For the listing that follows, give again exactly the lines from the one with "Όπως αυτός που" to the one with "A už je tu ráno", including both.

_RECORDS FOR THE TASK_
--- START ---
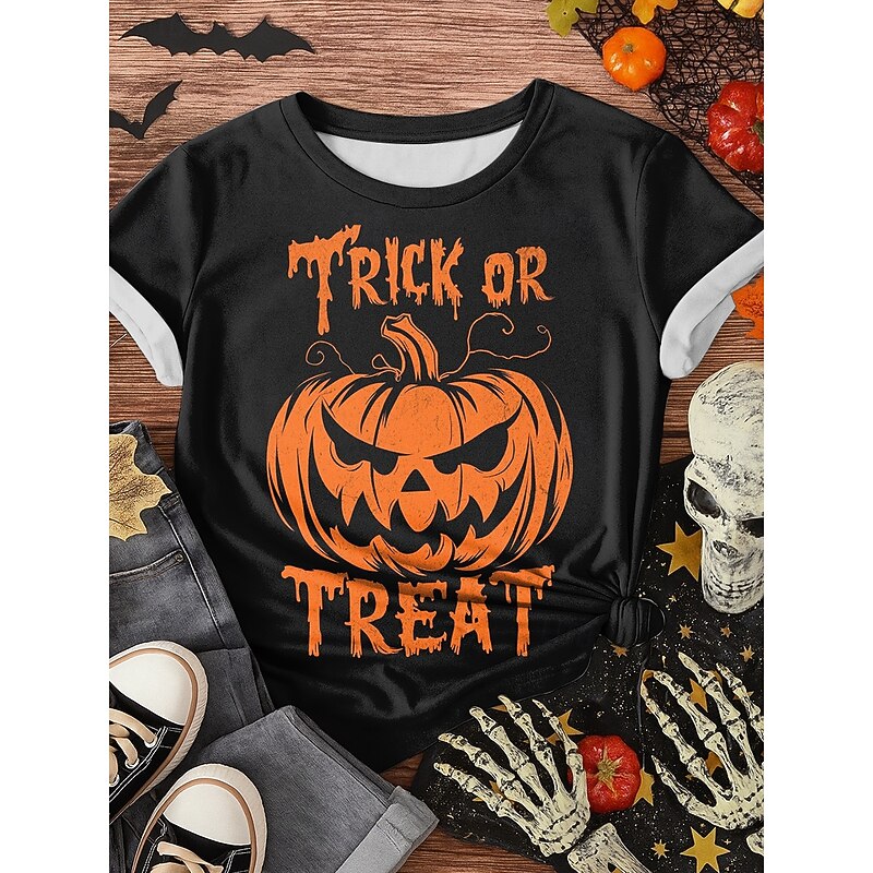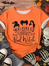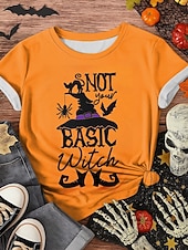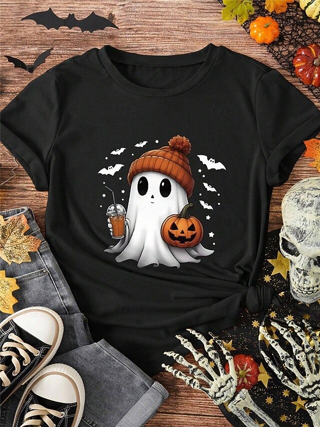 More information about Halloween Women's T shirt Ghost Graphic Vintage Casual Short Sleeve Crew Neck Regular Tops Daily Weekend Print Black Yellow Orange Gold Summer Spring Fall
--- END ---
--- START ---
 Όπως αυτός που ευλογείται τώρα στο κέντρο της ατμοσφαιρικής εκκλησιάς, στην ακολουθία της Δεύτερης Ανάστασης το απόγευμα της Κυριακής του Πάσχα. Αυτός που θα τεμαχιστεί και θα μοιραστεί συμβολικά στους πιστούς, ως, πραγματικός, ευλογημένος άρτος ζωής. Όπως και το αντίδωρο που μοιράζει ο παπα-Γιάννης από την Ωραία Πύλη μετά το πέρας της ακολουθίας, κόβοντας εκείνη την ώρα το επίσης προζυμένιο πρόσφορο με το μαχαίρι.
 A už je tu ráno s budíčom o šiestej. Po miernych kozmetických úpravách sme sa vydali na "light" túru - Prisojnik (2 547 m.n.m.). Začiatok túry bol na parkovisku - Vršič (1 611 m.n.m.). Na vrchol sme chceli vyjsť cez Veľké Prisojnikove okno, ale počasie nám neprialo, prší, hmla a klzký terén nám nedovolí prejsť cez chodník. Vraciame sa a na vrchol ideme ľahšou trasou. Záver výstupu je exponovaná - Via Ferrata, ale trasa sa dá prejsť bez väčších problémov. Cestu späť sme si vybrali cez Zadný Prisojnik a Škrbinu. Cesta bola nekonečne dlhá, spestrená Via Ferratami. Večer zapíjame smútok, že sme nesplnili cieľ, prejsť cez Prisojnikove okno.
--- END ---
_YOUR RESPONSE_
 Όπως αυτός που ευλογείται τώρα στο κέντρο της ατμοσφαιρικής εκκλησιάς, στην ακολουθία της Δεύτερης Ανάστασης το απόγευμα της Κυριακής του Πάσχα. Αυτός που θα τεμαχιστεί και θα μοιραστεί συμβολικά στους πιστούς, ως, πραγματικός, ευλογημένος άρτος ζωής. Όπως και το αντίδωρο που μοιράζει ο παπα-Γιάννης από την Ωραία Πύλη μετά το πέρας της ακολουθίας, κόβοντας εκείνη την ώρα το επίσης προζυμένιο πρόσφορο με το μαχαίρι.
 A už je tu ráno s budíčom o šiestej. Po miernych kozmetických úpravách sme sa vydali na "light" túru - Prisojnik (2 547 m.n.m.). Začiatok túry bol na parkovisku - Vršič (1 611 m.n.m.). Na vrchol sme chceli vyjsť cez Veľké Prisojnikove okno, ale počasie nám neprialo, prší, hmla a klzký terén nám nedovolí prejsť cez chodník. Vraciame sa a na vrchol ideme ľahšou trasou. Záver výstupu je exponovaná - Via Ferrata, ale trasa sa dá prejsť bez väčších problémov. Cestu späť sme si vybrali cez Zadný Prisojnik a Škrbinu. Cesta bola nekonečne dlhá, spestrená Via Ferratami. Večer zapíjame smútok, že sme nesplnili cieľ, prejsť cez Prisojnikove okno.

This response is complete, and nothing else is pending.